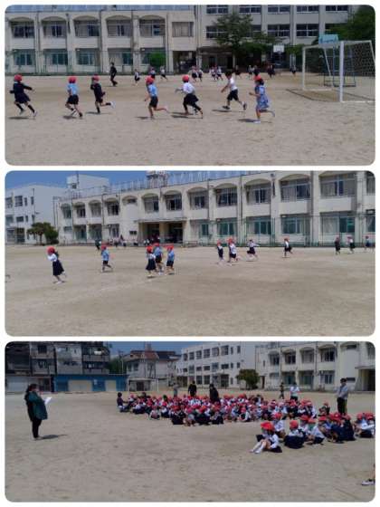 避難時に子ども達に指導している「押さない」「走らない」「しゃべらない」「戻らない」を今日の訓練ではしっかりと守ることができていました。
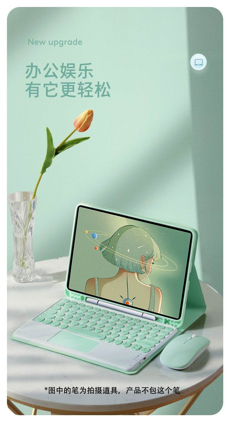 Suitable for Samsung T Tablet A8L Bluetooth Keyboard Case S9 FE Round Cap S6lite Touch Keyboard A9 + Case S8protective Accessories
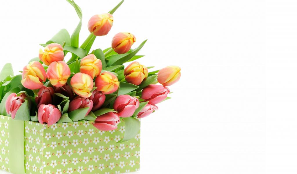 Wallpaper Bouquet of colorful tulips in a basket on a table with a notebook
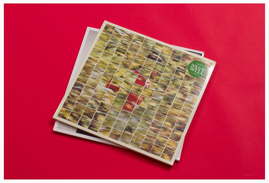 For our first Question Mark in the ongoing series, he’s made use of his collage method to build up a bold, solid red background foundation, accented by the torn edges made when the paper is physically separated. What appears to be colourised, vintage style portrait has it’s identity censored by the overlaid, punctuation filed speech bubble.
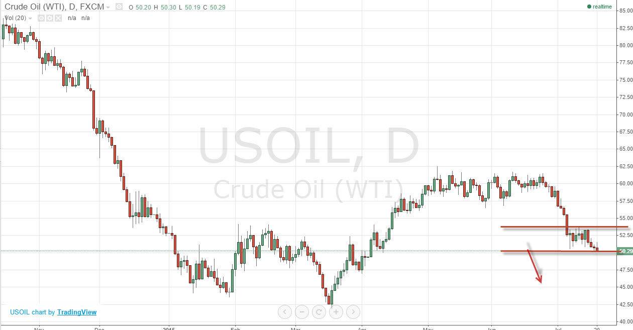 If we can break down below there, the market should then head towards the $45 level, which is the next large, round, psychologically significant number. I think there is support there as well, so really this point in time I think that the market will move in $5 increments, as the crude oil markets tend to move in a very technical increments.
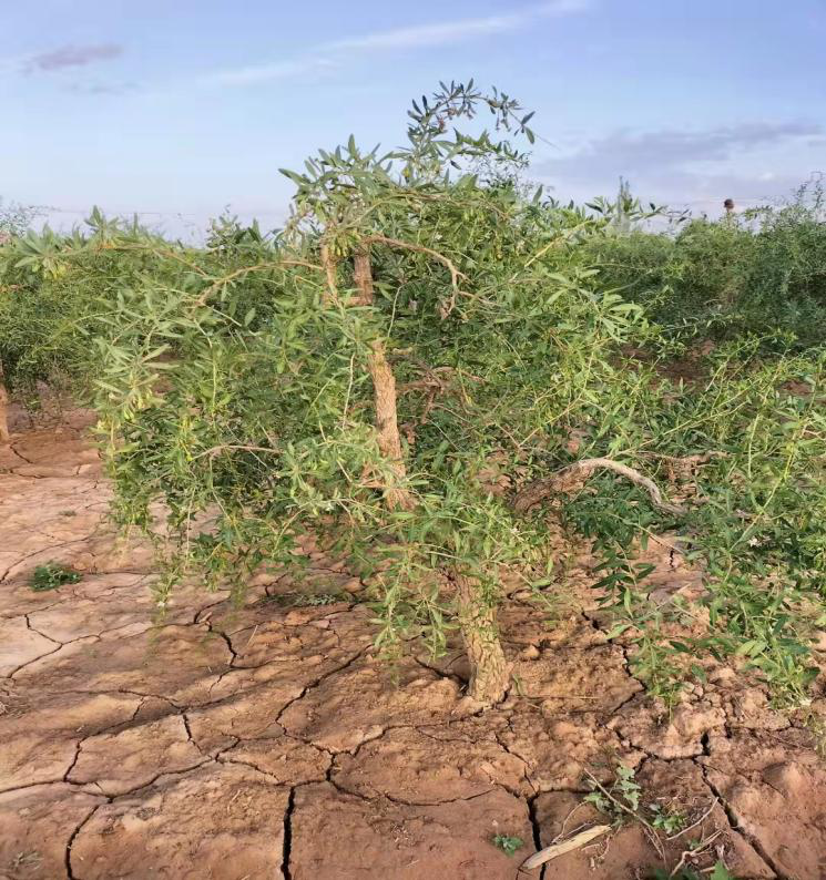 2012年天气大旱,引黄河水灌溉,修渠铺渠花了整整两年时间,枸杞颗粒无收。那一年爷爷76岁,爸爸41岁,枸杞树2岁。
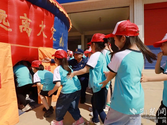 隨后,消防員邀請小朋友們試穿心儀已久的消防叔叔“同款服裝”,并利用充氣式的“逃生帳篷”,模擬真實的火災現(xiàn)場。在消防員的指導下,孩子們一個個捂住口鼻,扶著墻壁彎腰鉆進帳篷里,開始了一場“沉浸式”火場逃生。
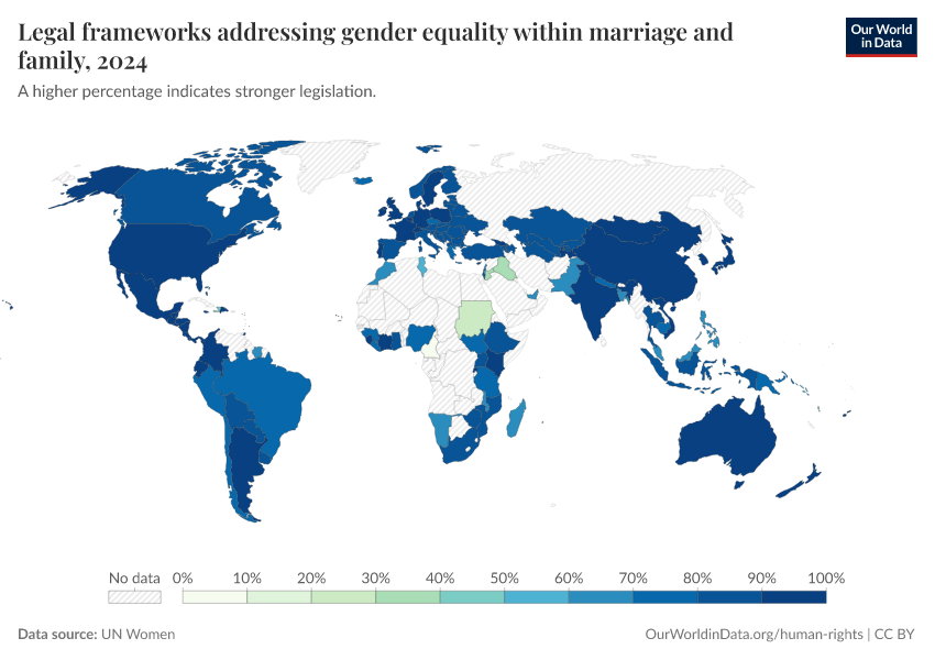 “Data Page: Legal frameworks addressing gender equality within marriage and family”. Our World in Data (2026). Data adapted from UN Women. Retrieved from https://add-force-datapage.owid.pages.dev/grapher/legal-frameworks-gender-equality-within-marriage-and-family [online resource]How to cite this data
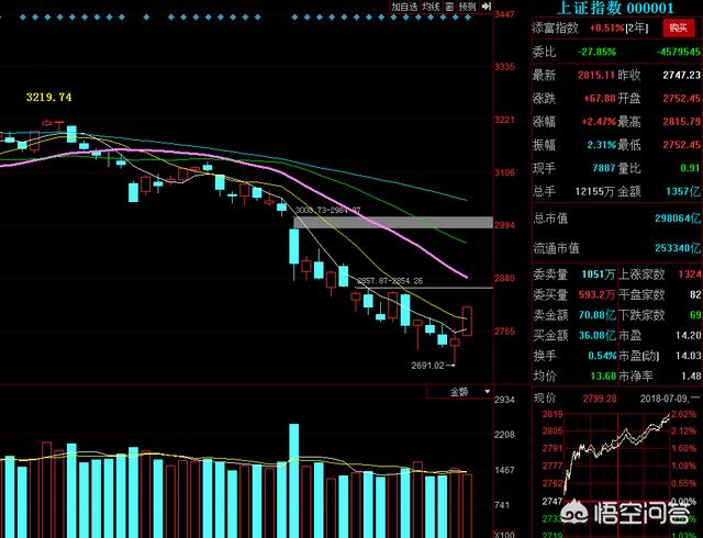 上周沪指连续下挫,跌至2700点下方,录得3587点见顶下跌以来的新低2691点,七翻身行情似乎成为泡影,反而变成“七翻车”行情了,今天沪指的大涨红周一可谓是来得恰到好处,刚好为七翻身行情正名。
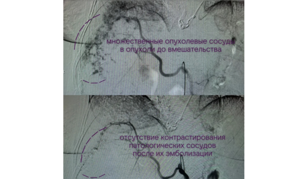 Из-за этого классическое хирургическое удаление оказалось невозможным. Врачи выбрали эндоваскулярный метод — через катетеры в питающие опухоль сосуды ввели эмболизирующий агент, перекрывающий кровоток. Такая процедура требует предельной точности, поскольку любое отклонение может привести к серьёзным последствиям.
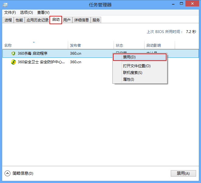 3、打開任務管理器中“啟動”界面,右鍵單擊不需要啟動的選項,然后選擇“禁用”屬性,如下圖所示:

◆ ◆ ◆ ◆

What this calls for is a word-for-word copy of the listing above, pictures excluded.

● **Result of this task**:
 避難時に子ども達に指導している「押さない」「走らない」「しゃべらない」「戻らない」を今日の訓練ではしっかりと守ることができていました。
 Suitable for Samsung T Tablet A8L Bluetooth Keyboard Case S9 FE Round Cap S6lite Touch Keyboard A9 + Case S8protective Accessories
 Wallpaper Bouquet of colorful tulips in a basket on a table with a notebook
 For our first Question Mark in the ongoing series, he’s made use of his collage method to build up a bold, solid red background foundation, accented by the torn edges made when the paper is physically separated. What appears to be colourised, vintage style portrait has it’s identity censored by the overlaid, punctuation filed speech bubble.
 If we can break down below there, the market should then head towards the $45 level, which is the next large, round, psychologically significant number. I think there is support there as well, so really this point in time I think that the market will move in $5 increments, as the crude oil markets tend to move in a very technical increments.
 2012年天气大旱,引黄河水灌溉,修渠铺渠花了整整两年时间,枸杞颗粒无收。那一年爷爷76岁,爸爸41岁,枸杞树2岁。
 隨后,消防員邀請小朋友們試穿心儀已久的消防叔叔“同款服裝”,并利用充氣式的“逃生帳篷”,模擬真實的火災現(xiàn)場。在消防員的指導下,孩子們一個個捂住口鼻,扶著墻壁彎腰鉆進帳篷里,開始了一場“沉浸式”火場逃生。
 “Data Page: Legal frameworks addressing gender equality within marriage and family”. Our World in Data (2026). Data adapted from UN Women. Retrieved from https://add-force-datapage.owid.pages.dev/grapher/legal-frameworks-gender-equality-within-marriage-and-family [online resource]How to cite this data
 上周沪指连续下挫,跌至2700点下方,录得3587点见顶下跌以来的新低2691点,七翻身行情似乎成为泡影,反而变成“七翻车”行情了,今天沪指的大涨红周一可谓是来得恰到好处,刚好为七翻身行情正名。
 Из-за этого классическое хирургическое удаление оказалось невозможным. Врачи выбрали эндоваскулярный метод — через катетеры в питающие опухоль сосуды ввели эмболизирующий агент, перекрывающий кровоток. Такая процедура требует предельной точности, поскольку любое отклонение может привести к серьёзным последствиям.
 3、打開任務管理器中“啟動”界面,右鍵單擊不需要啟動的選項,然后選擇“禁用”屬性,如下圖所示:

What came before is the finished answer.